The creators of StealC, a widely-used data stealer and malware downloader, have launched its second main model, bringing a number of stealth and knowledge theft enhancements.
The newest model of StealC was truly made out there to cybercriminals in March 2025, however Zscaler researchers who analyzed it simply revealed an in depth write-up.
Within the weeks that adopted its launch, a number of minor bug fixes and level releases added new options, with the newest being model 2.2.4.
StealC is a light-weight info-stealer malware that gained traction on the darkish net in early 2023, promoting entry for $200/month.
In 2024, it was noticed in large-scale malvertising campaigns and assaults locking programs into inescapable kiosk modes.
In late 2024, it was confirmed that StealC growth remained very energetic, with its builders including a bypassing mechanism for Chrome’s ‘App-Certain Encryption’ cookie-theft defenses, permitting the “regeneration” of expired cookies for hijacking Google accounts.
New in newest model
Model 2 (and later) was introduced in March 2025. In accordance with Zscaler’s evaluation, it brings the next main enhancements:
- Payload supply enhancements with help for EXE recordsdata, MSI packages, and PowerShell scripts, and configurable payload triggering.
- RC4 encryption was added for code strings and command-and-control (C2) communications, with random parameters in C2 responses for higher evasion.
- Structure and execution enhancements with new payloads compiled for 64-bit programs, resolving API capabilities dynamically at runtime, and introducing a self-deletion routine.

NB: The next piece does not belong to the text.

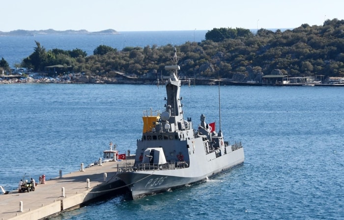 Türk fırkateyni Kaş Limanı'nda bekleyişini sürdürüyor

- New embedded builder that permits operators to generate new StealC builds utilizing templates and customized knowledge theft guidelines.
- Added Telegram bot help for real-time alerts to operators.
- Added functionality to screenshot the sufferer’s desktop with multi-monitor help.
Supply: Zscaler
Nonetheless, aside from the function additions, there have additionally been some notable removals, just like the anti-VM checks and DLL downloading/execution.
These would possibly point out an effort to make the malware leaner, however they might even be collateral injury from main code rework and could possibly be re-introduced in higher type in future variations.
Supply: Zscaler
In the latest assaults seen by Zscaler, StealC was deployed by Amadey, a separate malware loader, although totally different operators might differentiate the supply strategies or assault chains.
To guard your knowledge from info-stealer malware, keep away from storing delicate data in your browser for comfort, use multi-factor authentication to guard your accounts, and by no means obtain pirated or different software program from obscure sources.
Based mostly on an evaluation of 14M malicious actions, uncover the highest 10 MITRE ATT&CK strategies behind 93% of assaults and learn how to defend towards them.